How many cactus pictures do you plan to take?

Guadalupe Mountains National Park, Texas – 7 April, 2006

We left the Big Bend Park two days ago and drove though the mountains on the border along the Rio Grande River to the small border town of Presidio. It had lots of unpaved dusty streets. We see herds of brown and white antelope as we drive. We turn north and end up camped in the Guadalupe Mountains National Park on the Texas/New Mexico border.

A lady with a German accent glares at me and asks if I plan to use my generator. She has been parked in Big Bend next to a man who ran his all day so he could watch TV in air-conditioned comfort.
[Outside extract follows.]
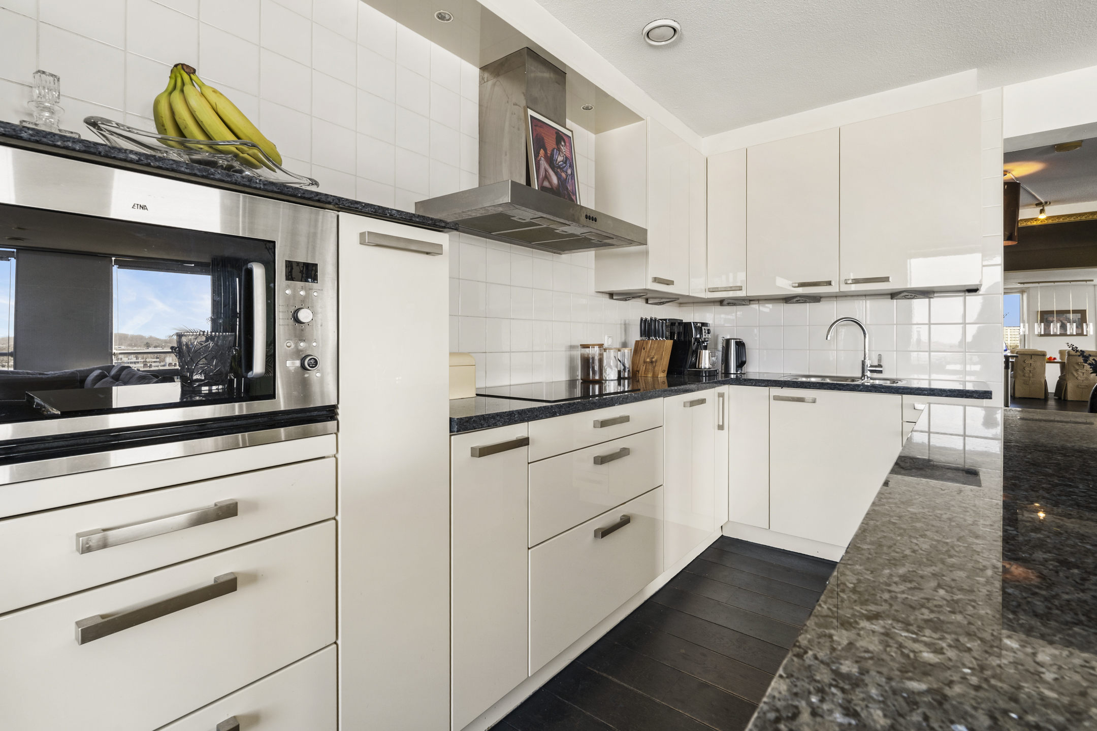 The luxury kitchen features a light color palette with a dark stone countertop and includes built-in appliances: gas cooktop with extractor, refrigerator, dishwasher, freezer, oven, and microwave. The entire apartment has solid oak parquet flooring.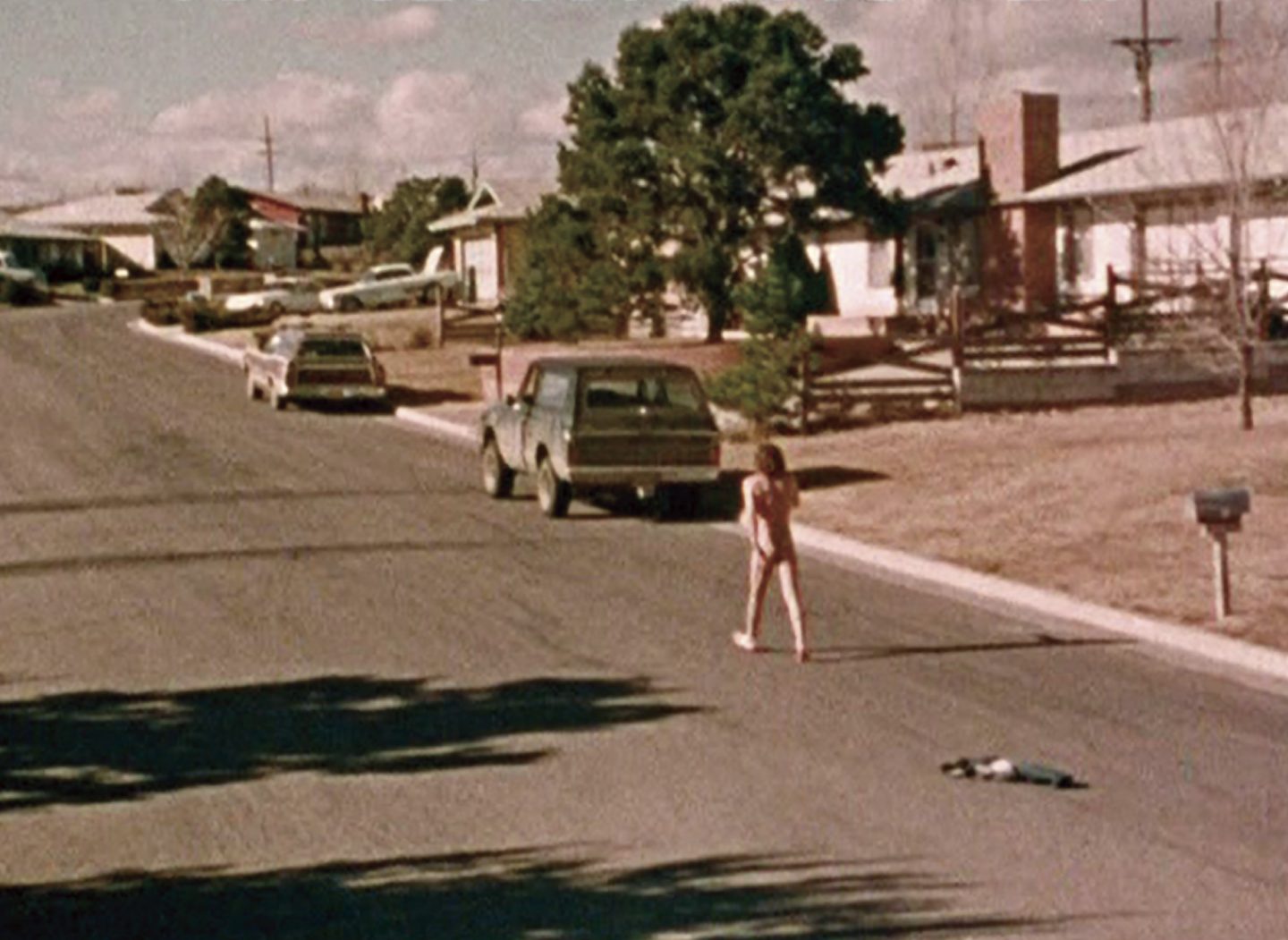 タオスにほど近いロス・アラモスの町の住宅街で、文字通り“全裸”になって歩く場面も、カメラが事前の打ち合わせ通りに離れたところで待っていたことは一目瞭然だ。「核兵器を作っている皆がいい生活をしている町」を全裸で闊歩することは、ホッパーにとって「象徴的なこと」なのだ。

Apparently he felt it was too hot to venture outside. I ask her if her dogs bark and promise not to crank it up. She softens a little and tells me about an Arizona State Park where she has been a Ranger that has much better caverns than Carlsbad.

We took a two hour hike yesterday morning here in the Guadalupe Park. Mrs Phred catches me taking another picture of a cactus and questions my judgment. There aren't many animals or water sources here. The hike to the Guadalupe peak had a 3,000 foot elevation gain. (I'm not ready for one like that yet).

In the afternoon we drive 50 miles north to see Carlsbad Caverns again. The last time we saw them was 1982 on a long camping trip in a van with our twelve year old son and one of his friends. Both of them are lawyers now with children of their own. There are only 300,000 Mexican Free-tail bats left in the cave. A paltry number after seeing the Austin Bridge. I use a tripod for the long exposures in the darkened caverns.